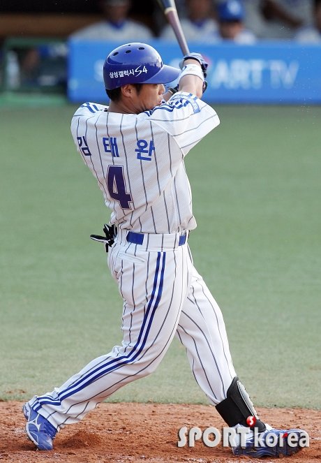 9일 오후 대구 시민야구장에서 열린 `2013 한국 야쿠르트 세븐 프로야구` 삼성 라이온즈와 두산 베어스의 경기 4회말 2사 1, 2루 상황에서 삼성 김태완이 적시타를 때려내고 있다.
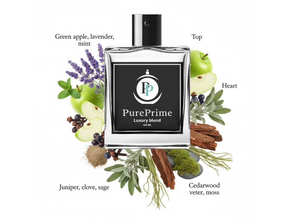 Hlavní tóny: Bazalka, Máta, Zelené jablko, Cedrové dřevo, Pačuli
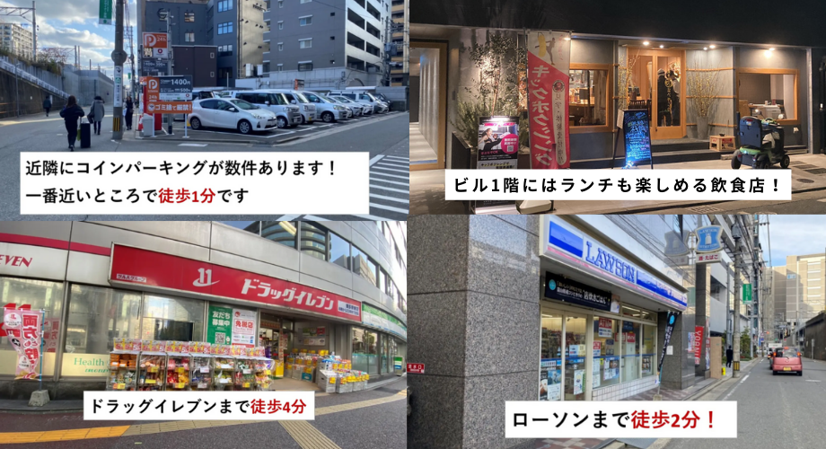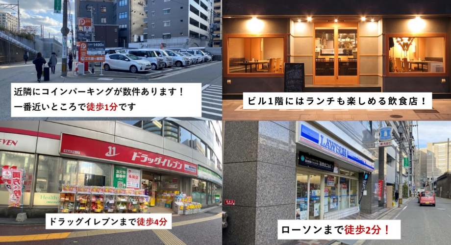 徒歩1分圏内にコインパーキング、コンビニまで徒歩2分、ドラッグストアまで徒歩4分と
########
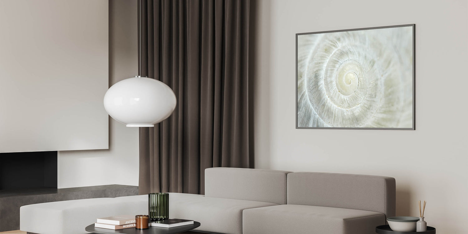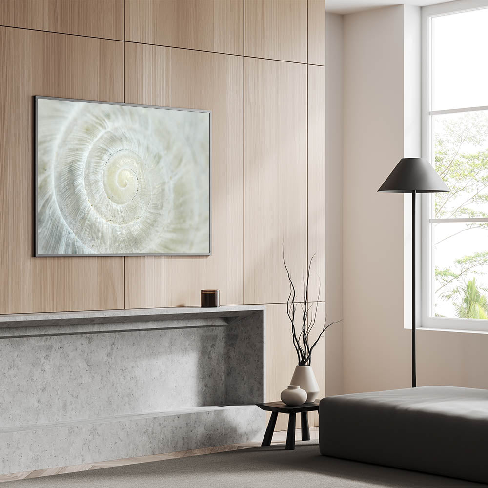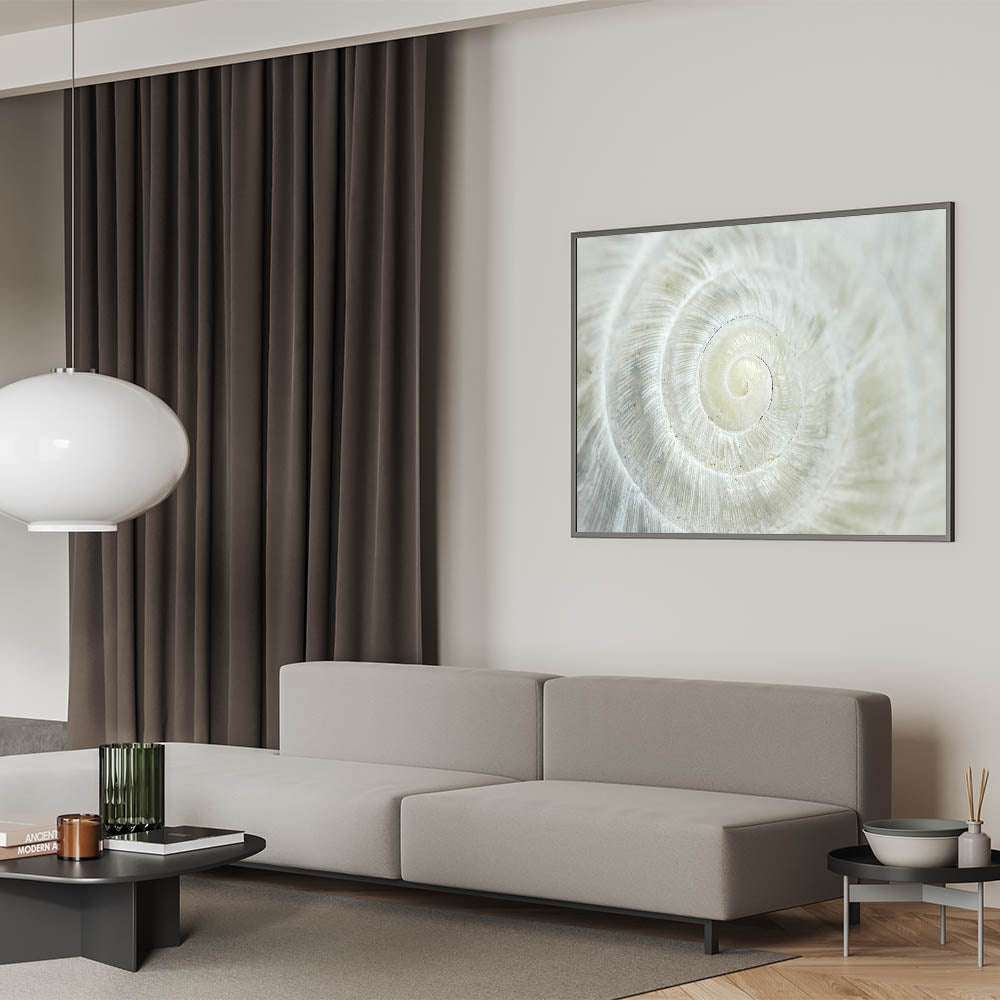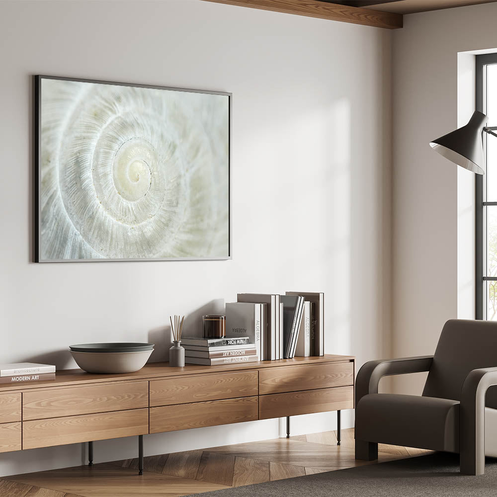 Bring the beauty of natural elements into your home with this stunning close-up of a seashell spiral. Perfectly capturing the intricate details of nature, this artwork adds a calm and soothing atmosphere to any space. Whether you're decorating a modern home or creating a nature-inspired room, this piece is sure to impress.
########
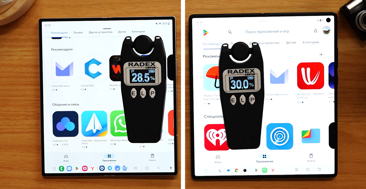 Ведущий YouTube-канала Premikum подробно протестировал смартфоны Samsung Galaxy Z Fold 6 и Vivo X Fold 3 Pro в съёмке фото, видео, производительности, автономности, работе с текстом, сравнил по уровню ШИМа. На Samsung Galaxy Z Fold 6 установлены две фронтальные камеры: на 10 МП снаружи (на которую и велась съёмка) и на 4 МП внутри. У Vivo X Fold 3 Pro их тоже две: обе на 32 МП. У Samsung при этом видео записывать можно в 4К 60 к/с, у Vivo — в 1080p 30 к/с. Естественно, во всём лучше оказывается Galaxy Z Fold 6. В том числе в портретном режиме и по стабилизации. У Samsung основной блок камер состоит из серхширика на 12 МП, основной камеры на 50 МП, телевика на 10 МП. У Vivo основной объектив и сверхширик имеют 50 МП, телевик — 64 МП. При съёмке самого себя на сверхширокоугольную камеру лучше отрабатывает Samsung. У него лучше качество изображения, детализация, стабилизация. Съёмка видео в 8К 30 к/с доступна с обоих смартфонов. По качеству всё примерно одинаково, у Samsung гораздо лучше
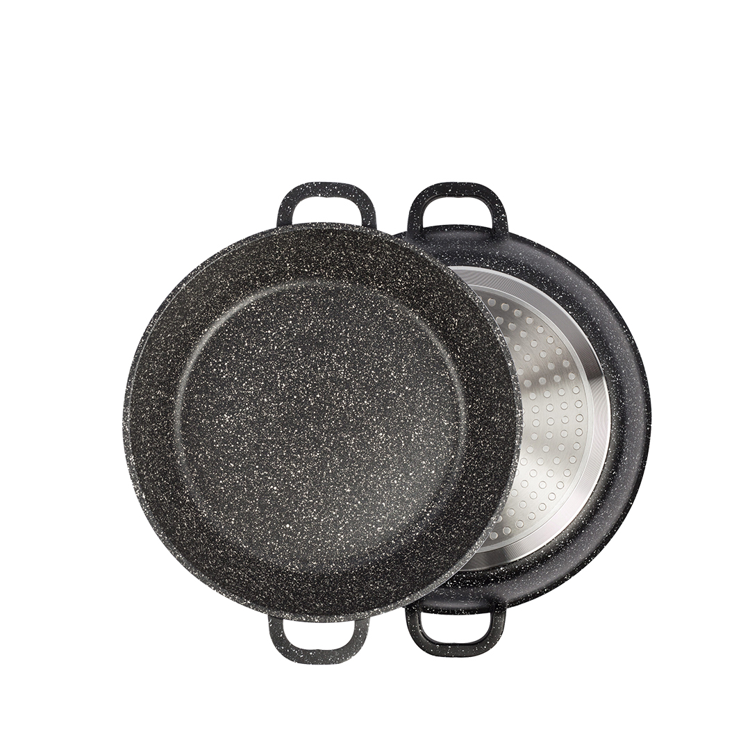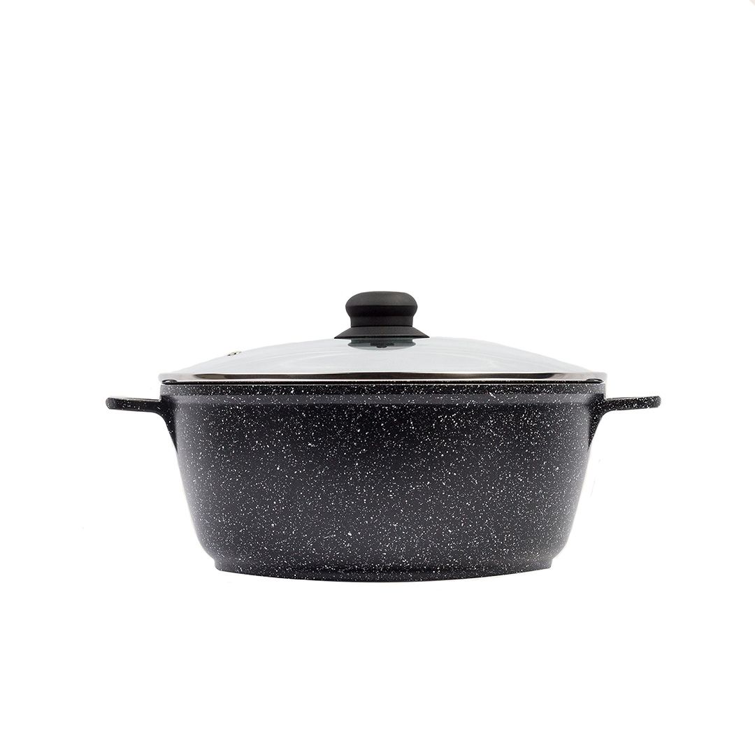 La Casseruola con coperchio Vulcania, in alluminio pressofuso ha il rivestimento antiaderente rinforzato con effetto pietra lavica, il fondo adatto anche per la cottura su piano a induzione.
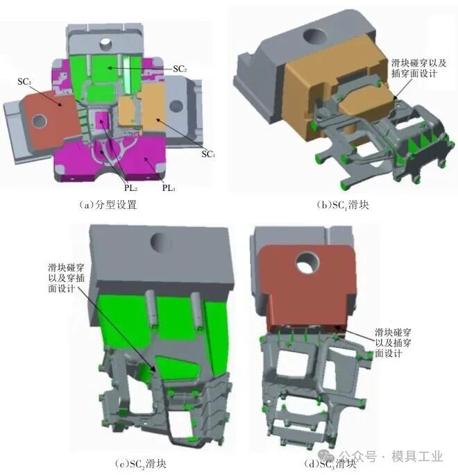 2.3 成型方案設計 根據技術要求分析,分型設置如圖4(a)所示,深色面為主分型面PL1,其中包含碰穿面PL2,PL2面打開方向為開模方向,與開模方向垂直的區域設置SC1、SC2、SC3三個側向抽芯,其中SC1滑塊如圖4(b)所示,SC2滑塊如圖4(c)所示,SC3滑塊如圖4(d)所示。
########
[Task objective]
Exact repeat of the material above: every line from the one with "9일 오후 대구 시민야구장에서" through the one with "徒歩1分圏内にコインパーキン", endpoints included, and nothing more. No pictures.

[Task output]
 9일 오후 대구 시민야구장에서 열린 `2013 한국 야쿠르트 세븐 프로야구` 삼성 라이온즈와 두산 베어스의 경기 4회말 2사 1, 2루 상황에서 삼성 김태완이 적시타를 때려내고 있다.
 Hlavní tóny: Bazalka, Máta, Zelené jablko, Cedrové dřevo, Pačuli
 徒歩1分圏内にコインパーキング、コンビニまで徒歩2分、ドラッグストアまで徒歩4分と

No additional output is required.